Thursday, October 9, 2008

it'll take more than just a breeze to make me fall overboard

It's already October? How did the summer get away from us and fall rush in so quickly?

My Lyon application is due a week from yesterday -- how terrifying and fascinating all at once. I've been truly reticient to discuss this, mostly because I am terrified that if one person manages to talk me out of it, I won't ever be brave enough to go.

At the same time, I can't help but see the lure of stepping out of this life and these life-things and doing something radically different.

For now, I am skimping on my DMP reading and looking forward very much to this afternoon, when I will not have to worry about classes until Tuesday. Yay, fall reading days! Unfortunately, I really will be reading for most of them, since the Late Victorian Fiction midterm is the Wednesday we get back.

I am so glad I took that class. It might be my favorite this semester.
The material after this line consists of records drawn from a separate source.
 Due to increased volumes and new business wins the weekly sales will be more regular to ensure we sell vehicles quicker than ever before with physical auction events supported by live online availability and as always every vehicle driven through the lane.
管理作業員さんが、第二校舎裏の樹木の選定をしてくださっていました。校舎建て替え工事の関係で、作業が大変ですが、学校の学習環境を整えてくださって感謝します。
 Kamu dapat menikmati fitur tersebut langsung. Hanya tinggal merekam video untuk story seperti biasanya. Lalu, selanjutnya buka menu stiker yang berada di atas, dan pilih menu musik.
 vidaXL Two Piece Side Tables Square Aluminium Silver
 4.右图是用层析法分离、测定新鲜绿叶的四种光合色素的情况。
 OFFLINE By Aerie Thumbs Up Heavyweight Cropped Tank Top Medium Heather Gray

For now, I am a little bit thinking of how to begin to pursue something that I've wanted to speak out on for a long time -- the distressingly negative and repressive attitudes of our culture toward menstruation. This discussion of course brings in issues about parenting, female puberty, sexuality and sexual development, birth control, fertility, pregnancy & childbirth, and menopause, to name a few. All of these are important parts of feminist discourse, but I want to focus on the straightforward physical phenomenon of monthly bleeding and the range of attitudes surrounding it.
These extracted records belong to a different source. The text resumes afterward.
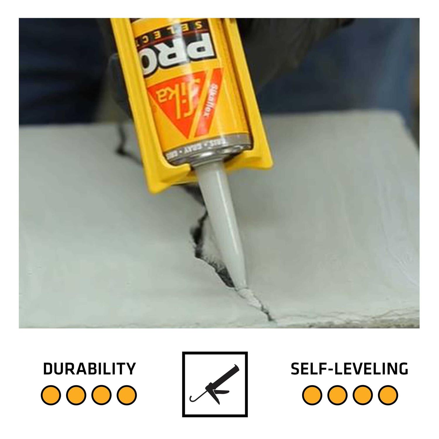 This is a polyurethane sealant for permanently repairing cracks in horizontal concrete surfaces. It can be used in cracks up to one inch wide and provides long term durability. It’s elastic technology formulation allows the sealant to remain flexible and move with the crack.
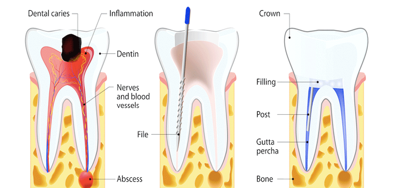 The pulp of the tooth has become damaged, and needs to be removed. If it is not removed, the tissues surrounding the root of the tooth can become infected, resulting in pain and swelling. Even if there is no pain, certain substances released by bacteria can damage the bone than anchors the tooth in the jaw. Without treatment, the tooth may have to be extracted.
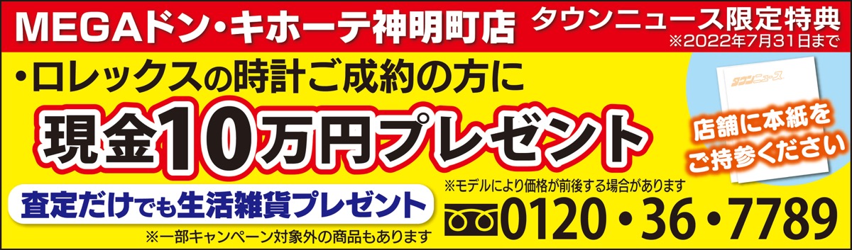 国道1号線沿いのディスカウントストア「MEGAドン・キホーテかわさき店」1階にある買取専門店「おたからや」では現在、「円安還元キャンペーン」を実施中。腕時計・ロレックスの買取成約で、買取料金と別に現金10万円を進呈している。スタッフは「ご好評で多くの相談をいただいています。壊れていても問題ありませんので、この機会にぜひご相談ください」と話す。
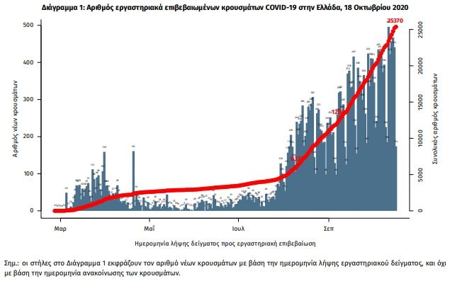 Τα νέα εργαστηριακά επιβεβαιωμένα κρούσματα της νόσου είναι 438, εκ των οποίων 32 συνδέονται με γνωστές συρροές και 28 εντοπίστηκαν κατόπιν ελέγχων στις πύλες εισόδου της χώρας. Ο συνολικός αριθμός των κρουσμάτων ανέρχεται σε 25.370 (ημερήσια μεταβολή +1.8%), εκ των οποίων 55.6% άνδρες.
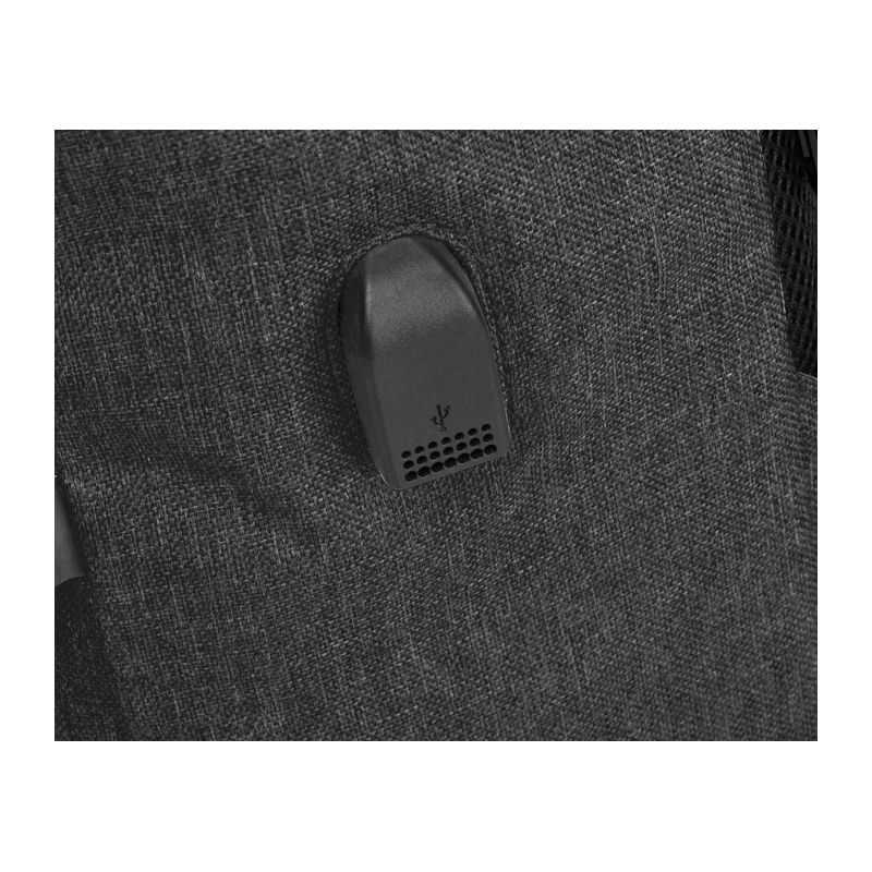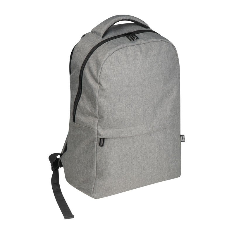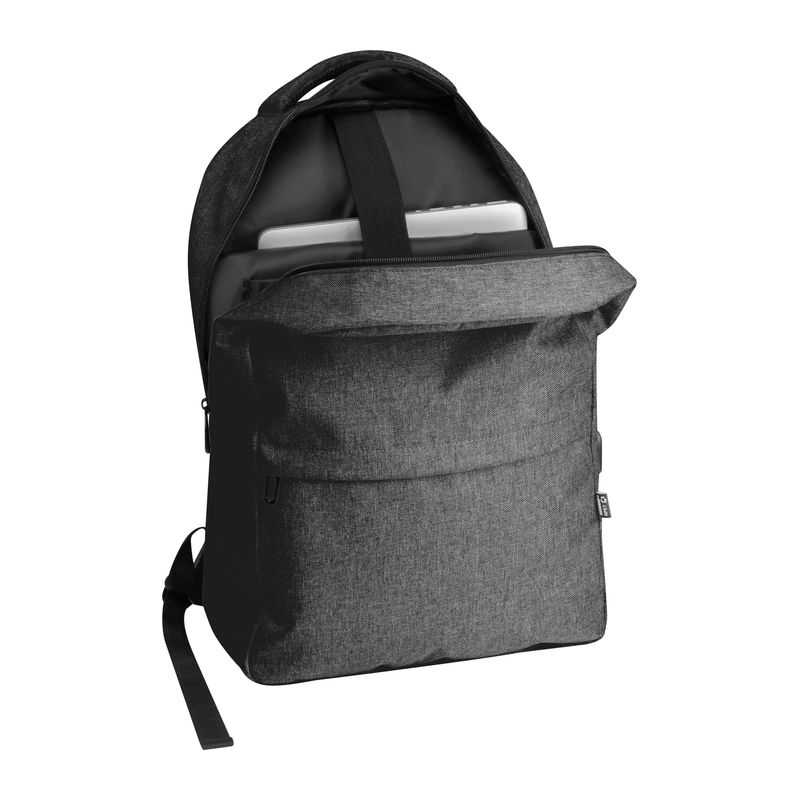 rPET batoh s USB portom, polstrovanými popruhmi, priehradkou na notebook, prednou priehradkou a priehradkou proti krádeži.
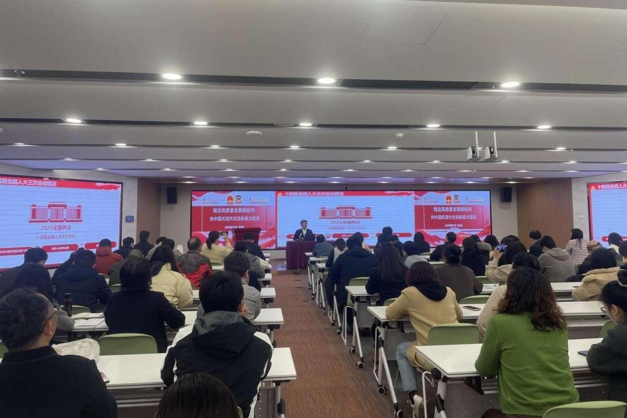 吴焕淦以“锚定高质量发展新航向,向中国式现代化目标奋力进发”为题作解读。他首先对大会议程进行了详细介绍,随后围绕政府工作报告展开深度剖析,提到了今年政府工作报告在GDP增长、城镇新增就业、居民收入增长与经济增长等方面的亮点,以及投资于人、能早则早,宁早吾晚、整治内卷式竞争等新提法。他重点解读了围绕“健康中国”战略构建全方位健康治理框架的六方面工作。他特别强调完善中医药传承创新发展机制,推动中医药事业和产业高质量发展对实现“健康中国”战略的重要意义,激发了在场师生的责任感和使命感。
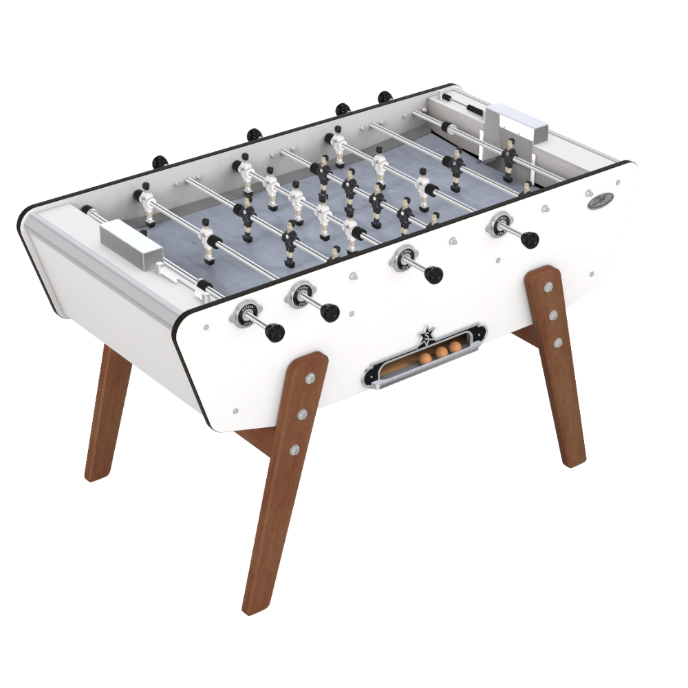 The large size of our players allows the game of the head and the lateral bands ensure the possibility to make sautéed balls that are equipped with our foosball table. Discover our star outdoor model!

Here are the things I want to change: shame, secrecy, and negativity about menstruation. Unfounded fears and stereotypes about menstruating women (including the infamous diagnosis of PMS). The disdain many (most?) women feel about their cycles, and the corresponding lack of interest in alternative menstruation options.

And most importantly, I want to see a radical shift in the way that we teach our daughters (the inheritors of third wave feminism and the succeeding generation to ourselves) about the incredibly creative power of their bodies.